With the new Evil Dead, you just don't find yourself invested in any of the characters or caring about what they've been through. That'd be fine if Evil Dead was a movie like A Nightmare on Elm Street, where you at least have an iconic bad guy to cheer for even if you don't care about the actors, but Evil Dead doesn't have that. It never did. Evil Dead has a book - the Necronomicon. And unless that book sprouts arms, legs, and starts carrying an axe, I don't think I'm gonna be cheering for it in a modern horror flick any time soon.

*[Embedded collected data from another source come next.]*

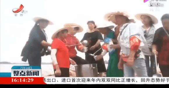 巧了,这也是一群平日里跳广场舞的阿姨,她们每天给防汛一线小哥哥们做包子、煮绿豆汤,“给他们补充一下体力。”
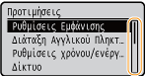 Μπορείτε να αλλάξετε ένα πλήθος ρυθμίσεων που σχετίζονται με την οθόνη, όπως τη γλώσσα για την οθόνη: <Ρυθμίσεις Εμφάνισης>
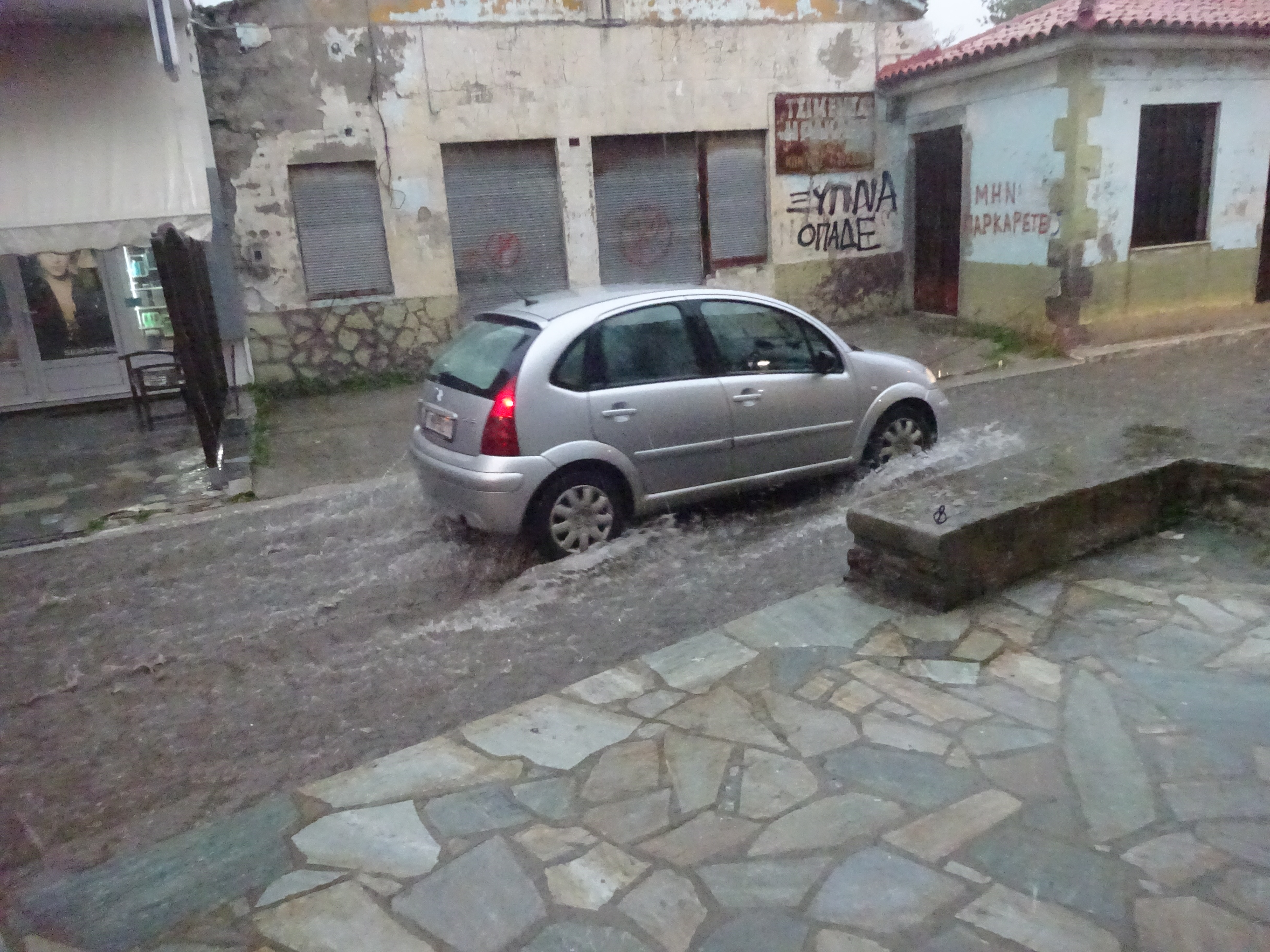 Έντονο πρόβλημα παρουσιάζει η περιοχή Τρίφωτο. Στην πλατεία των ΚΤΕΛ συνεργείο του Δήμου επιχειρεί να ανοίξει βουλωμένο φρεάτιο, καθώς σε μια μεριά της πλατείας έχει δημιουργηθεί ήδη λίμνη.

It's also supposed to be a pure horror movie, like the original Evil Dead, so it doesn't have the campy feel of Evil Dead 2 or Army of Darkness. While that's fine in itself, as a horror movie, it fails to deliver any scares. The official poster describes it as "The most terrifying film you will ever experience", when in fact, it's nothing of the sort. Not even remotely. This movie didn't make me jump or startle me even once. There was no sense of tension or urgency to it whatsoever. Instead, it just felt like a paint-by-numbers exercise in, "forget the scares, let's just see how much more blood we can splatter as time goes by." But you feel no sense of panic or dread while it's all happening.
The original Evil Dead film was nerve-racking as hell, and its sequels had plenty of jump-worthy moments too. Tension... it matters.
The director (Fede Alvarez) obviously tried to pay homage to Sam Raimi's classic work a few times by having the camera move quickly through the woods. Nice try, but unfortunately, his camera work pales in comparison with Raimi's techniques. With Raimi, you felt like the camera was absolutely out of control as it sped through the woods like some unstoppable, unseen force hellbent on destroying anything in its path. You didn't know if it was going to catch up with Ash or crash right into a tree, and all you could do while this happened was hold your breath and grip the edges of your seat. I still feel on edge when I watch those movies to this day, and I've seen them countless times.
None of that happens in the new film. It feels too polished... the camera just glides past the trees at a fast pace. There's no urgency to it, and you don't get the sense that you're seeing the world fly by through the eyes of some reckless demonic force. No cameras mounted to bicycles here. No crew members or equipment in any danger.
Sam Raimi made you feel like he was literally ramming his film camera into things just to pull off a crazy shot, endangering both his equipment and his crew. That's not the case with the new Evil Dead. With this one, you get the feeling they were more concerned about protecting their expensive film equipment than going for glory in any of the shots. Perhaps, to create engaging horror on film, one must experience a little horror while actually filming it.
In the end, Evil Dead (2013) is a visually entertaining modern horror flick with a fairly heavy amount of carnage in it, but it's also completely forgettable due to the inferior camera work, bland characters, and a complete lack of tension. You may have a good time watching it with friends for the first time if you like enjoy ridiculous gore scenes, just don't expect it to appear in your required annual horror film viewing rotation.
I'm sure some of you have already seen the movie, so feel free to post your opinions about it in this thread and I'll be happy to blab with ya about all things Evil Dead.
One last thing: If you do decide to check out the movie, be sure to keep watching past the end credits for something that will put a big smile on your face.